| Ellor Street Redevelopment, Pendleton | Professor R H Matthew of Edinburgh University, one of Scotland’s leading consultant architects, has accepted a commission to prepare a master plan for Salford’s Broad Street redevelopment scheme which will cost £9 million. It includes a major re-housing project, reconstruction of a main shopping area, provision for a civic centre and major improvements on the A6. [Guardian 12 April 1961]

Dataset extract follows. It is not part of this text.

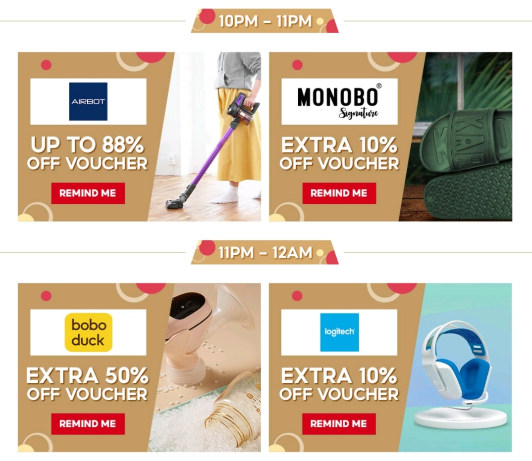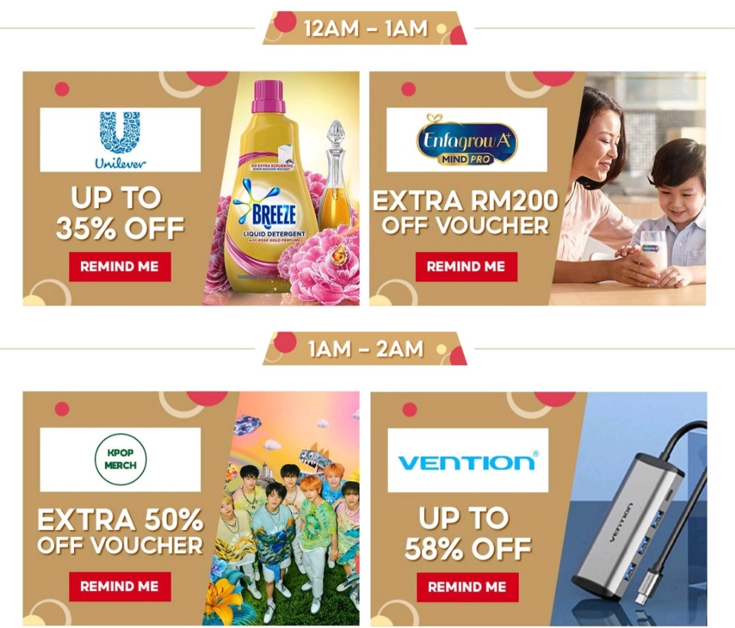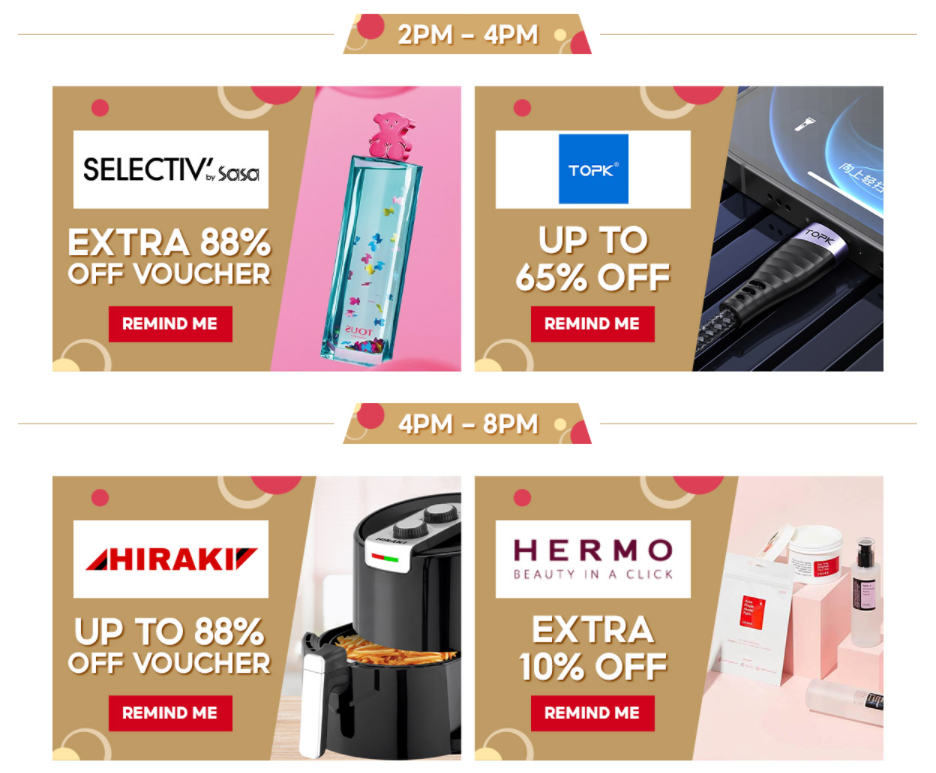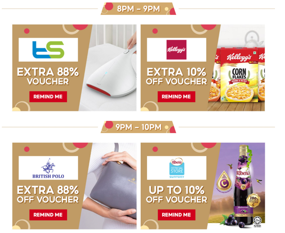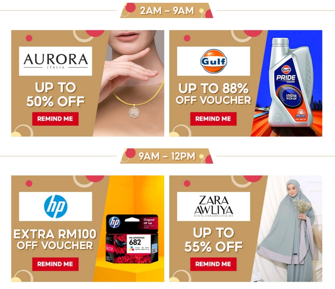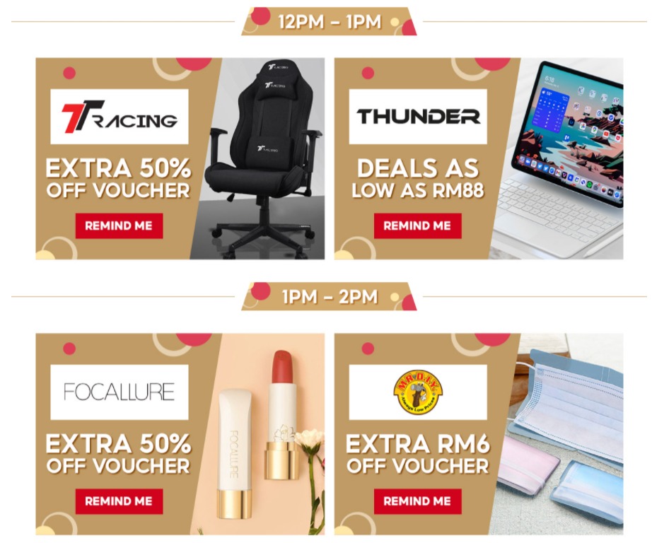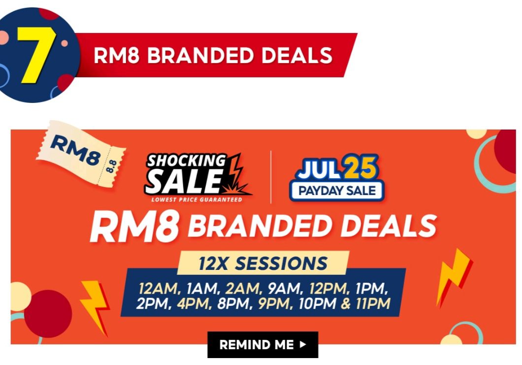 i)每个时段推出RM8 品牌商品优惠!记得点击“Remind Me”获得通知!

Bounded by Broad Street (A6), Cross Lane, Churchill Way and Fitzwarren Street, and centred on Ellor Street, the area was one predominantly of working class housing built in the first half of the nineteenth century which by the 1930s had become synonymous with some of the worst slums in the country. Better known as “Hanky Park,” it was the setting for Walter Greenwood’s novel Love on the Dole (1933) and Shelagh Delaney’s play A Taste of Honey, (1958), as well as one source for L S Lowry’s typical northern landscapes. Desperate to eradicate all traces of the area’s past. the City Council determined upon a scheme of total redevelopment, replacing all the terraces with high-rise blocks by 1968. But while successful in removing the physical evidence, the fiction remained. Only weeks before Matthew’s appointment and the commencement of demolition work, Granada Television broadcast the first episode of Coronation Street on 9 December 1960.
The planned civic centre was not progressed. Following Local Government reorganisation in 1974, Salford Town Hall and Civic Centre was moved to Swinton while the art gallery and theatre was finally built some forty years later as The Lowry at Salford Quays.